Again with a few exceptions, each enzyme catalyzes a specific reaction, and each reaction in a cell is catalyzed by a different enzyme. Thousands of different enzymes are therefore required by each cell. The multiplicity of enzymes, their specificity (the ability to discriminate between reactants), and their susceptibility to regulation give cells the capacity to lower activation barriers selectively. This selectivity is crucial for the effective regulation of cellular processes. By allowing specific reactions to proceed at significant rates at particular times, enzymes determine how matter and energy are channeled into cellular activities. The thousands of enzyme-catalyzed chemical reactions in cells are functionally organized into many sequences of consecutive reactions, called pathways, in which the product of one reaction becomes the reactant in the next. Some pathways degrade organic nutrients into simple end products in order to extract chemical energy and convert it into a form useful to the cell; together these degradative, free-energy-yielding reactions are designated catabolism. Other pathways start with small precursor molecules and convert them to progressively larger and more complex molecules, including proteins and nucleic acids. Such synthetic pathways, which invariably require the input of energy, are collectively designated anabolism.

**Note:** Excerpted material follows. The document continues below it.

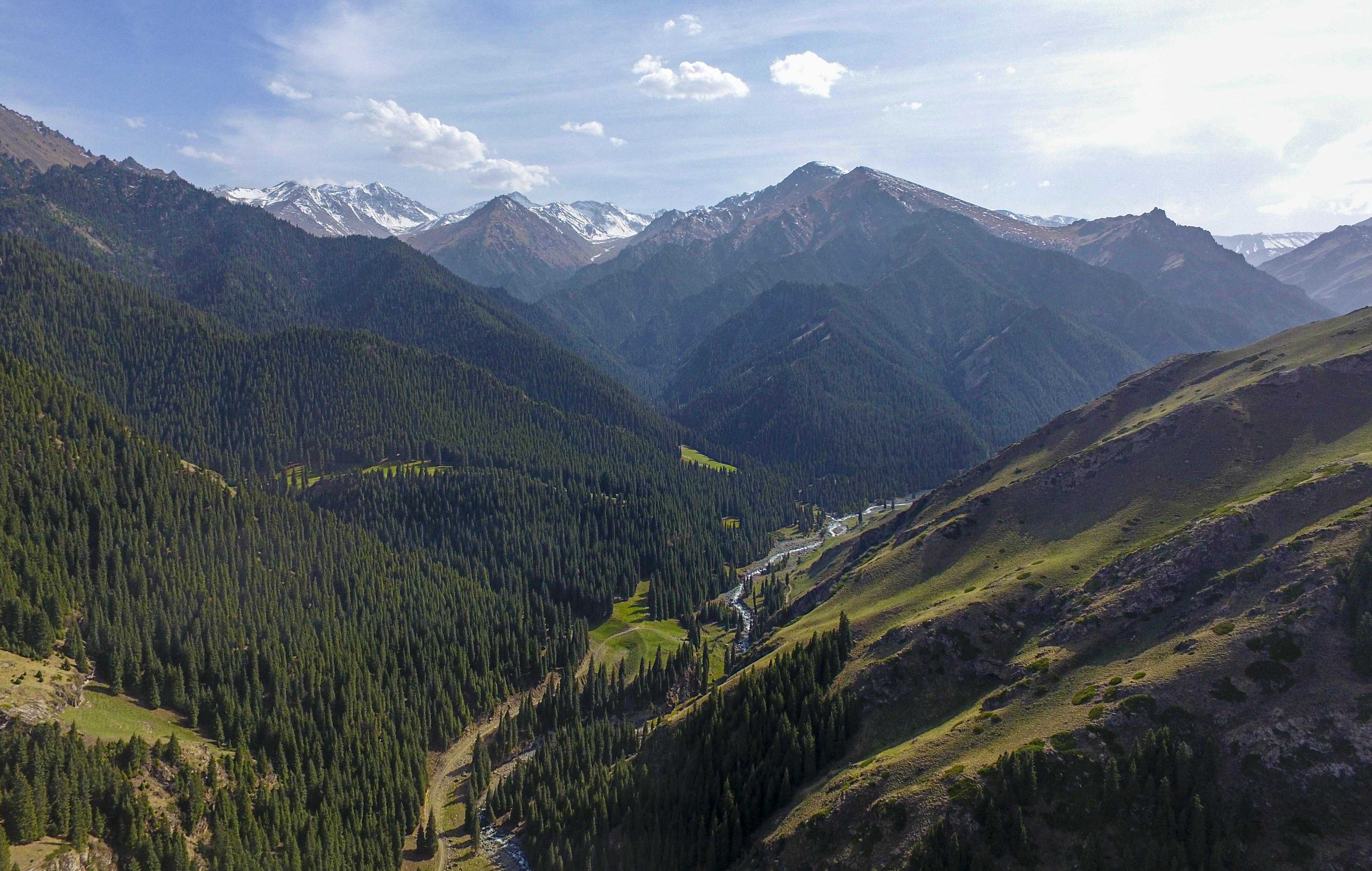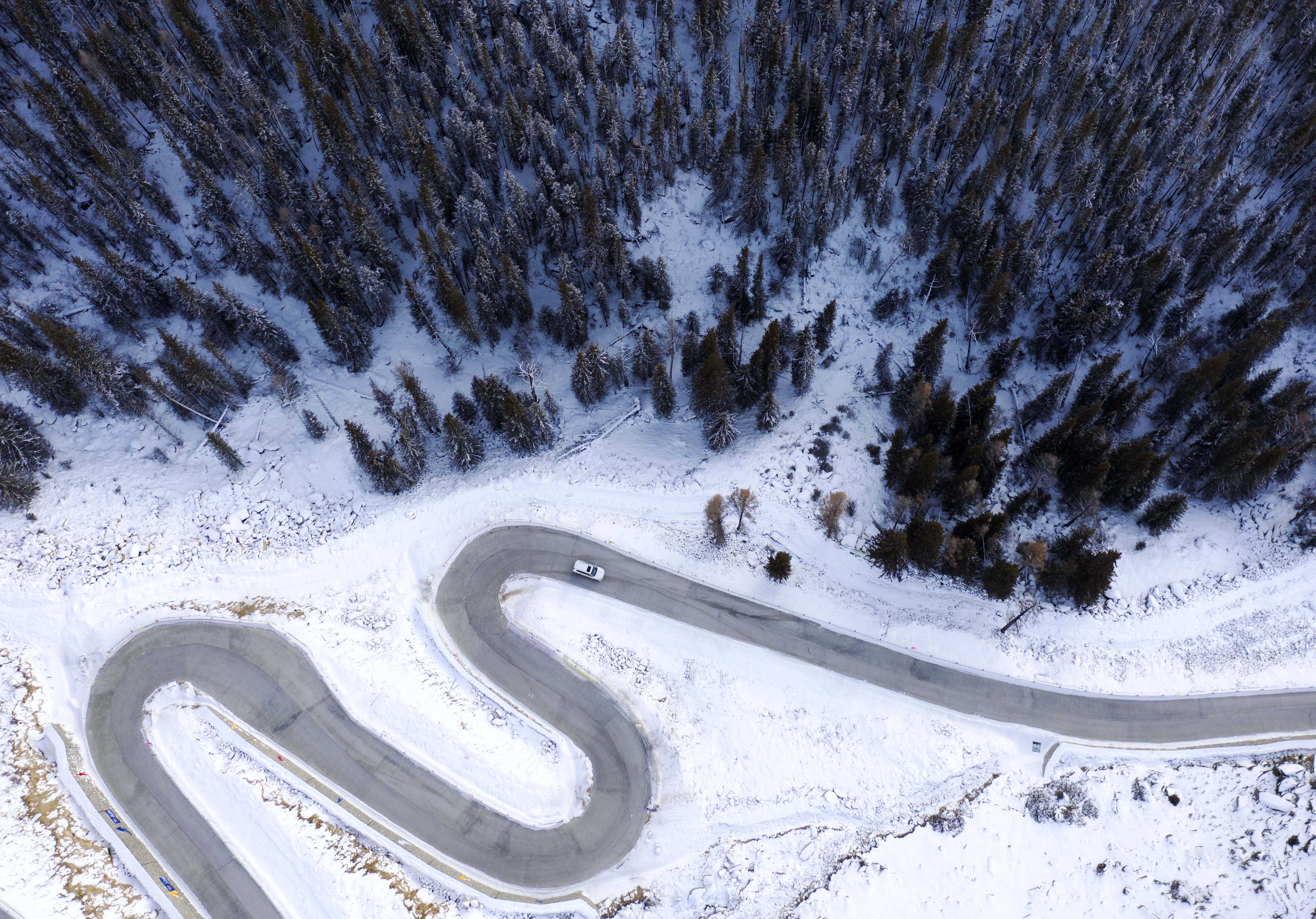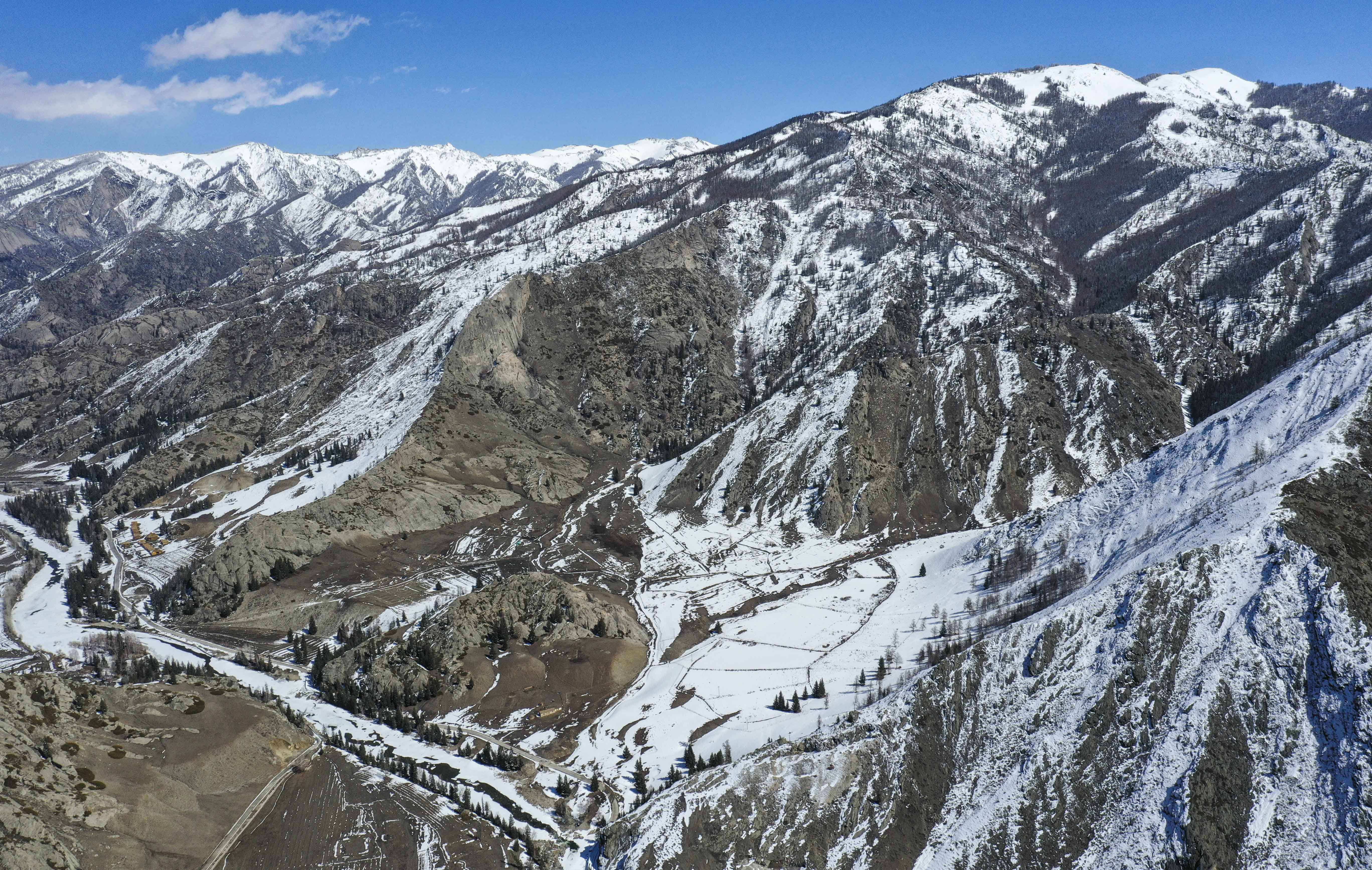 春雪过后的阿尔泰山脉(无人机照片,2023年4月9日摄)。新华社记者胡虎虎摄

FIGURE 1–1 Energy changes during a chemical reaction. An activation barrier, representing the transition state, must be overcome in the conversion of reactants (A) into products (B), even though the products are more stable than the reactants, as indicated by a large, negative free-energy change (ΔG). The energy required to overcome the activation barrier is the activation energy (ΔG‡). Enzymes catalyze reactions by lowering the activation barrier. They bind the transitionstate intermediates tightly, and the binding energy of this interaction effectively reduces the activation energy from ΔG‡ uncat to ΔG‡ cat. (Note that activation energy is not related to free-energy change, ΔG.).
The overall network of enzyme-catalyzed pathways constitutes cellular metabolism. ATP is the major connecting link (the shared intermediate) between the catabolic and anabolic components of this network (shown schematically in Fig. 1–2). The pathways of enzyme-catalyzed reactions that act on the main constituents of cells—proteins, fats, sugars, and nucleic acids—are virtually identical in all living organisms.
FIGURE 1–2 The central role of ATP in metabolism. ATP is the shared chemical intermediate linking energy-releasing to energyrequiring cell processes. Its role in the cell is analogous to that of money in an economy: it is “earned/produced” in exergonic reactions and “spent/consumed” in endergonic ones.